(Data extracted from a collection)
--------------------
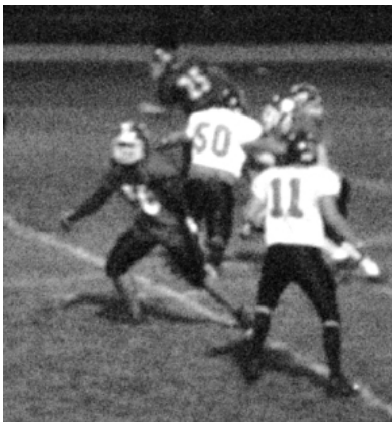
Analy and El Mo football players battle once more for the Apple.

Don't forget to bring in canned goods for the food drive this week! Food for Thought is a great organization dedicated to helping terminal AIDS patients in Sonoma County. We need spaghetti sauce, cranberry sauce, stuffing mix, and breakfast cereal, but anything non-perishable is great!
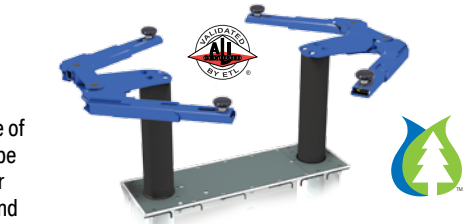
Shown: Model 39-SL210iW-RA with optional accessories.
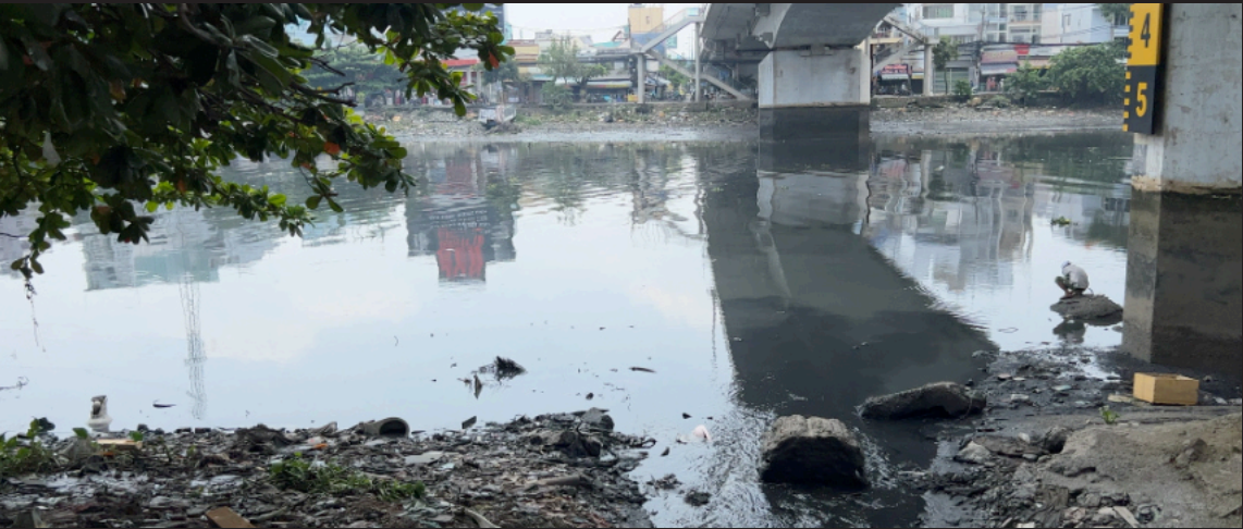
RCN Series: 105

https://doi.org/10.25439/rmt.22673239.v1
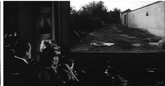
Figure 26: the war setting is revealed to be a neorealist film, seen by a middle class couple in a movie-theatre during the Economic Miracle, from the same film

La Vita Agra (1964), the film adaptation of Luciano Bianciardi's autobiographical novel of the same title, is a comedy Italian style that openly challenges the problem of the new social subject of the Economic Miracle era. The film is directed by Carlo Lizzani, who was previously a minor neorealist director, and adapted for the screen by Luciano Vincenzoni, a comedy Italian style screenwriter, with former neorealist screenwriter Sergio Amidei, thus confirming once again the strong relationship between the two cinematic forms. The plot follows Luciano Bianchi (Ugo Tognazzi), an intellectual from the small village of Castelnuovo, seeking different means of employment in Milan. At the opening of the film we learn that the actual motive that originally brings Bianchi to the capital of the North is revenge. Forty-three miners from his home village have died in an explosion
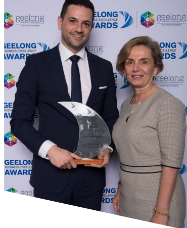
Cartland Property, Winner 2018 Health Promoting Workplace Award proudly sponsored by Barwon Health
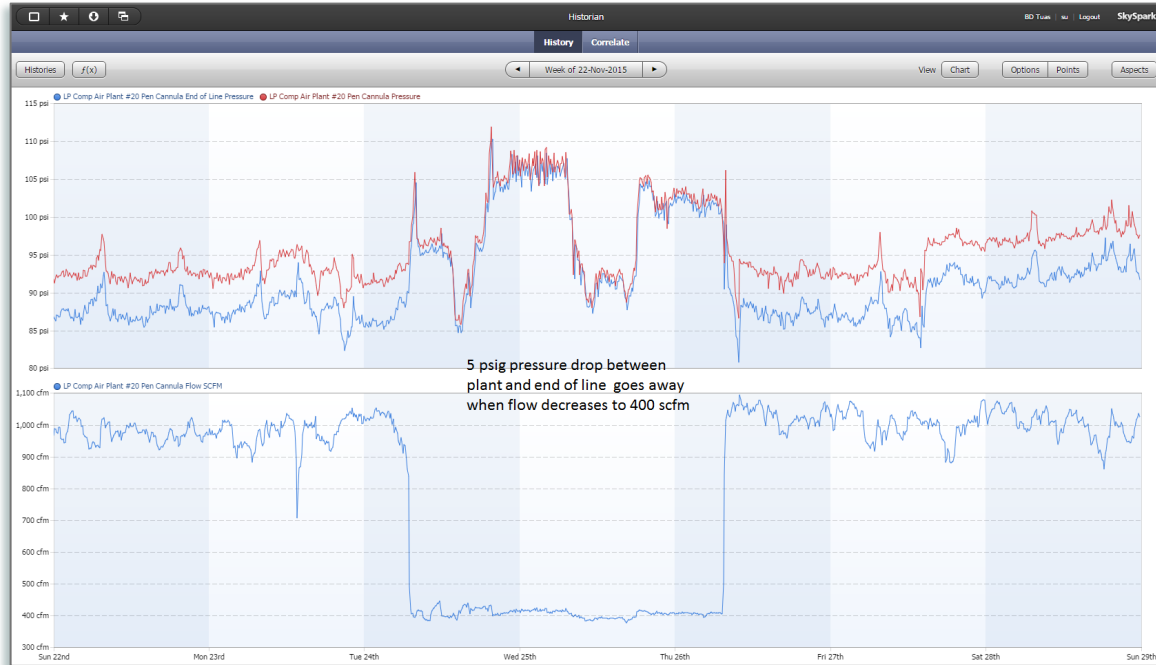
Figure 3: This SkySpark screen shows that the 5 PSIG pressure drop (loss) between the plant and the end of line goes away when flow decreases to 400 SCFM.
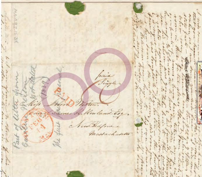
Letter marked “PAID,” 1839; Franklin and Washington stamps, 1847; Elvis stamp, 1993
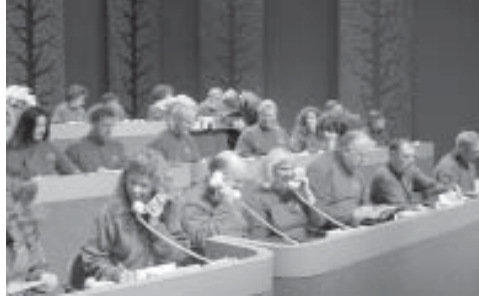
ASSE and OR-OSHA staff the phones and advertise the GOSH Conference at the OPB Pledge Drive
--------------------
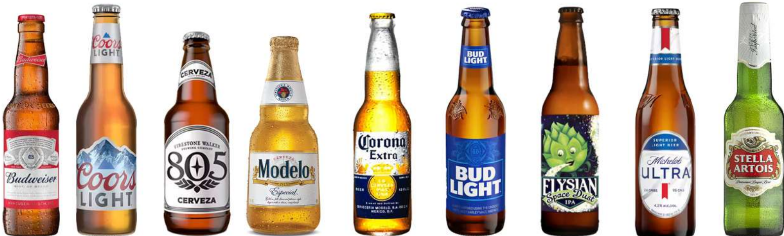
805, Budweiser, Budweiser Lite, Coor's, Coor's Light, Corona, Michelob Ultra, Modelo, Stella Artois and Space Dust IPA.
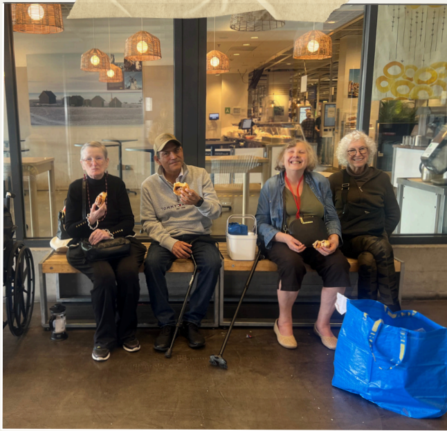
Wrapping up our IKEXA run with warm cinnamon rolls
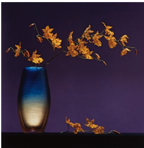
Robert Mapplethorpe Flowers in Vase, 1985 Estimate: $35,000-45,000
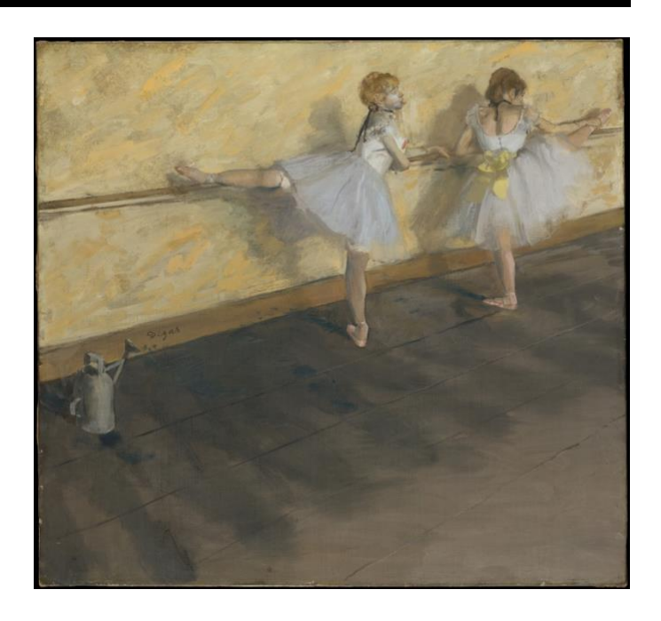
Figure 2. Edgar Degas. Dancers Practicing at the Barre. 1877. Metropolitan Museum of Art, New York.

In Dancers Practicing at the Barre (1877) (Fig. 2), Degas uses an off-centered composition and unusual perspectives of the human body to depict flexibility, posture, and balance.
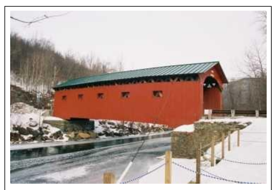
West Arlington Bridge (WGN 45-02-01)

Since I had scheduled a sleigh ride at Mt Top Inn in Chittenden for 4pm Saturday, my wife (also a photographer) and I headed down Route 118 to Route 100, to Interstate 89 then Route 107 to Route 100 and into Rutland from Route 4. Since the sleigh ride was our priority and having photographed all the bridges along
--------------------
● Work order:
Would you output only the span of the records above that opens with the line containing "Figure 26: the" and closes with the line containing "ASSE and OR-OSHA", ends included and pictures dropped?

● Exercise response:
Figure 26: the war setting is revealed to be a neorealist film, seen by a middle class couple in a movie-theatre during the Economic Miracle, from the same film

La Vita Agra (1964), the film adaptation of Luciano Bianciardi's autobiographical novel of the same title, is a comedy Italian style that openly challenges the problem of the new social subject of the Economic Miracle era. The film is directed by Carlo Lizzani, who was previously a minor neorealist director, and adapted for the screen by Luciano Vincenzoni, a comedy Italian style screenwriter, with former neorealist screenwriter Sergio Amidei, thus confirming once again the strong relationship between the two cinematic forms. The plot follows Luciano Bianchi (Ugo Tognazzi), an intellectual from the small village of Castelnuovo, seeking different means of employment in Milan. At the opening of the film we learn that the actual motive that originally brings Bianchi to the capital of the North is revenge. Forty-three miners from his home village have died in an explosion
Cartland Property, Winner 2018 Health Promoting Workplace Award proudly sponsored by Barwon Health
Figure 3: This SkySpark screen shows that the 5 PSIG pressure drop (loss) between the plant and the end of line goes away when flow decreases to 400 SCFM.
Letter marked “PAID,” 1839; Franklin and Washington stamps, 1847; Elvis stamp, 1993
ASSE and OR-OSHA staff the phones and advertise the GOSH Conference at the OPB Pledge Drive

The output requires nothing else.